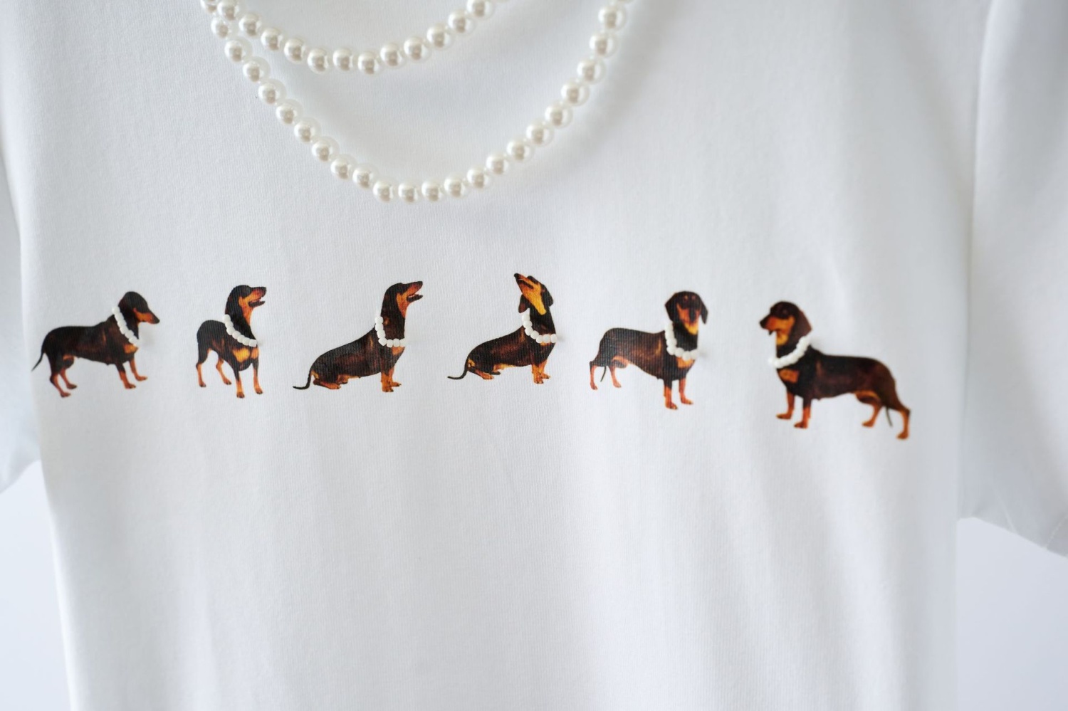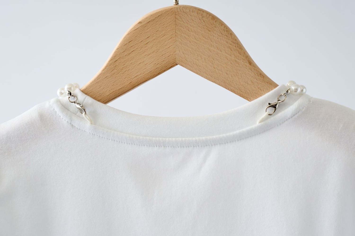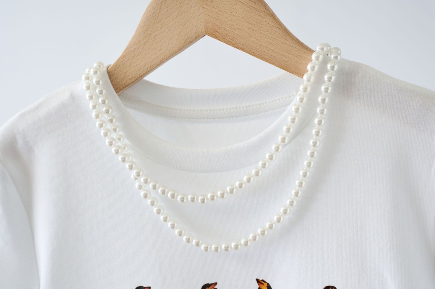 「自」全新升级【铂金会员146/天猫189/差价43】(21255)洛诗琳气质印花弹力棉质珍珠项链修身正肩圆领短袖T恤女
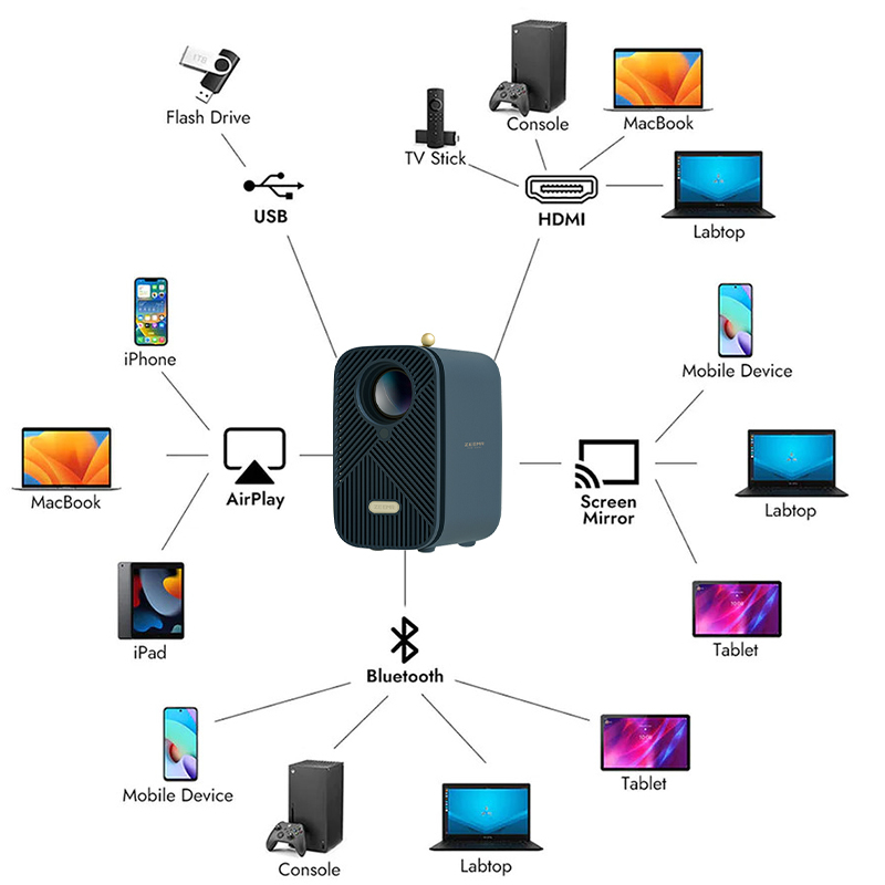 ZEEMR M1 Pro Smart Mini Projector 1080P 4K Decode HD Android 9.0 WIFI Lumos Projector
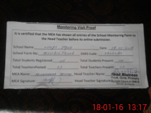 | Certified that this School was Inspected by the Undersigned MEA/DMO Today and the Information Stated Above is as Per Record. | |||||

**Your task**
The entire listing above, minus its pictures, should be copied out exactly.

**Exercise result**
 「自」全新升级【铂金会员146/天猫189/差价43】(21255)洛诗琳气质印花弹力棉质珍珠项链修身正肩圆领短袖T恤女
 ZEEMR M1 Pro Smart Mini Projector 1080P 4K Decode HD Android 9.0 WIFI Lumos Projector
 | Certified that this School was Inspected by the Undersigned MEA/DMO Today and the Information Stated Above is as Per Record. | |||||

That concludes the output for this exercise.